Out-of-network balance bills are unique to health care. When you take your car to a body shop, the painter who repaints the door panel does not send you an inflated, separate bill and then balance-bill you when your insurance refuses to pay it in full. This is not because we have an elaborate arbitration system to adjudicate door panel repair bills; it is because the market demands all-in pricing.

In health care, normal market forces have failed to prevent surprise medical bills.
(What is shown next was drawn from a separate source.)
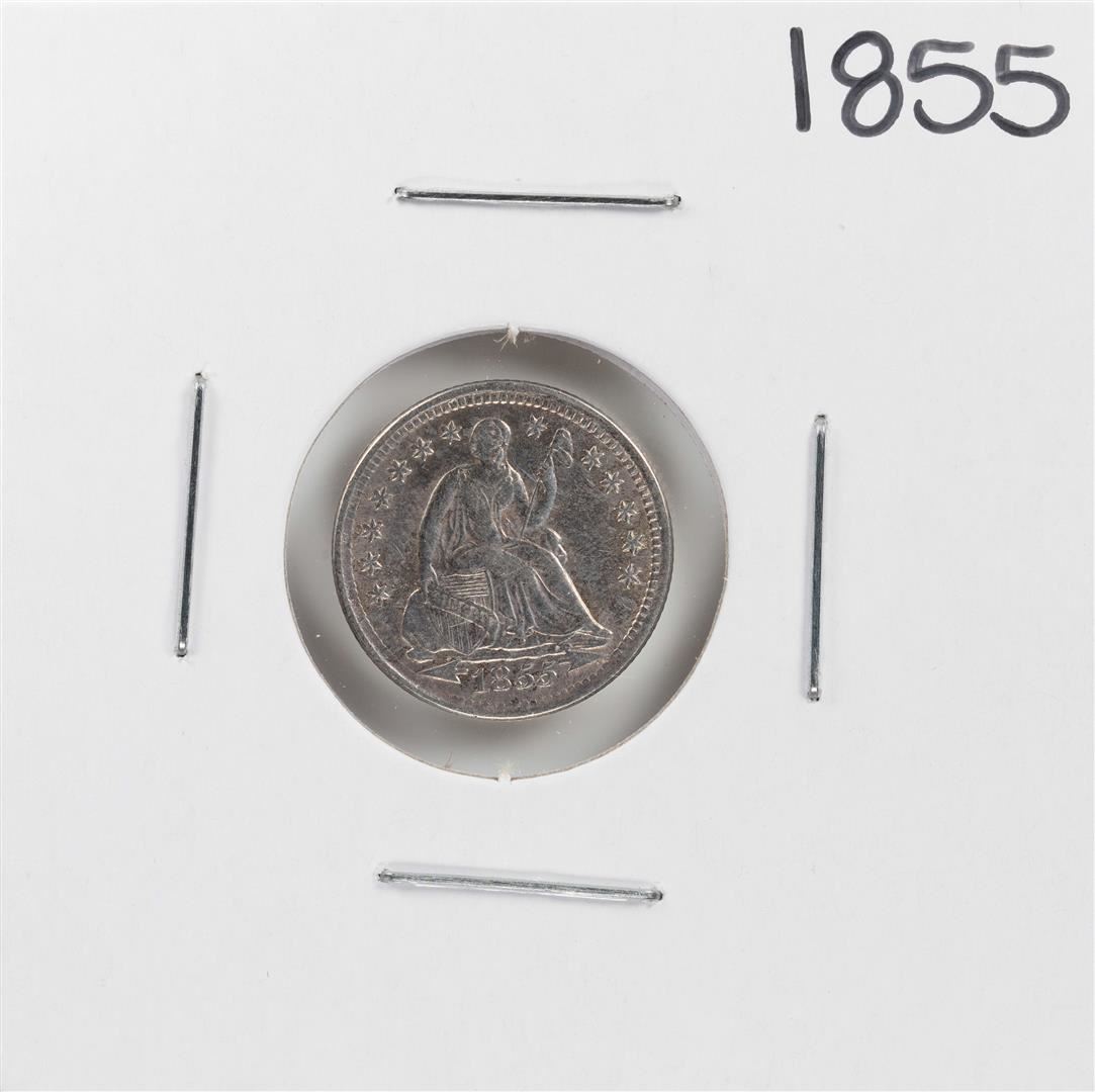 One 1855 Arrows Seated Liberty Half Dime Coin.
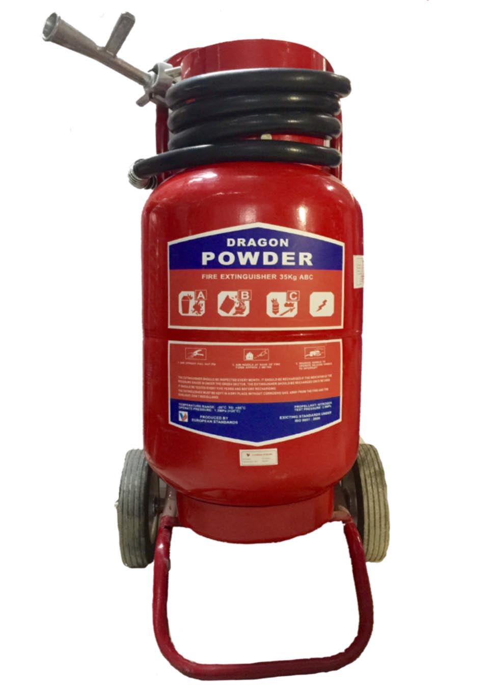 Bình chữa cháy xe đẩy DRAGON ABC - 35KG - MFTZL35 Việt Nam loại xe đẩy bột ABC 35kg được sử dụng rộng rãi trong các công trình có quy mô lớn. Phạm vi chữa cháy Dragon Powder 35kg đa dạng bao gồm cả chất lỏng lẫn rắn như: xăng, dầu, khí ga, gỗ, vải, giấy, điện… Loại bình lớn, có xe đẩy giúp việc di chuyển vô cùng thuận tiện.

Although a well-designed IDR system can help resolve such disputes, design details matter greatly in how effective this approach will be in arriving at market prices. A contract-based approach is likely to outperform IDR.

Readings

  • “Assessment of Out-of-Network Billing for Privately Insured Patients Receiving Care in In-Network Hospitals,” by Eric C. Sun, Michelle M. Mello, Jasmin Moshfegh, and Lawrence C. Baker. JAMA Internal Medicine (online), August 12, 2019.
  • “Consumers’ Responses to Surprise Medical Bills in Elective Situations,” by Benjamin Chartock, Christopher Garmon, and Sarah Schutz. Health Affairs 38(3): 425–430 (2019).
  • “New York’s 2014 Law to Protect Consumers from Surprise Out-of-Network Bills Mostly Working as Intended: Results of a Case Study,” by Sabrina Corlette and Olivia Hoppe. Robert Wood Johnson Foundation, 2019.
  • “One in Five Inpatient Emergency Department Cases May Lead to Surprise Bills,” by Christopher Garmon and Benjamin Chartock. Health Affairs 36(1): 177–181 (2017).
  • “Solving Surprise Medical Billing,” by Benedic Ippolito and David A. Hyman. AEI Economic Perspectives, 2019.
  • “State Approaches to Mitigating Surprise Out-of-Network Billing,” by Loren Adler, Matthew Fielder, Paul B. Ginsburg, et al. USC–Brookings Schaeffer Initiative for Health Policy white paper, 2019.
  • “Surprise! Out-of-Network Billing for Emergency Care in the United States,” by Zach Cooper, Fiona Scott Morton, and Nathan Shekita. National Bureau of Economic Research Working Paper no. 23623, 2017.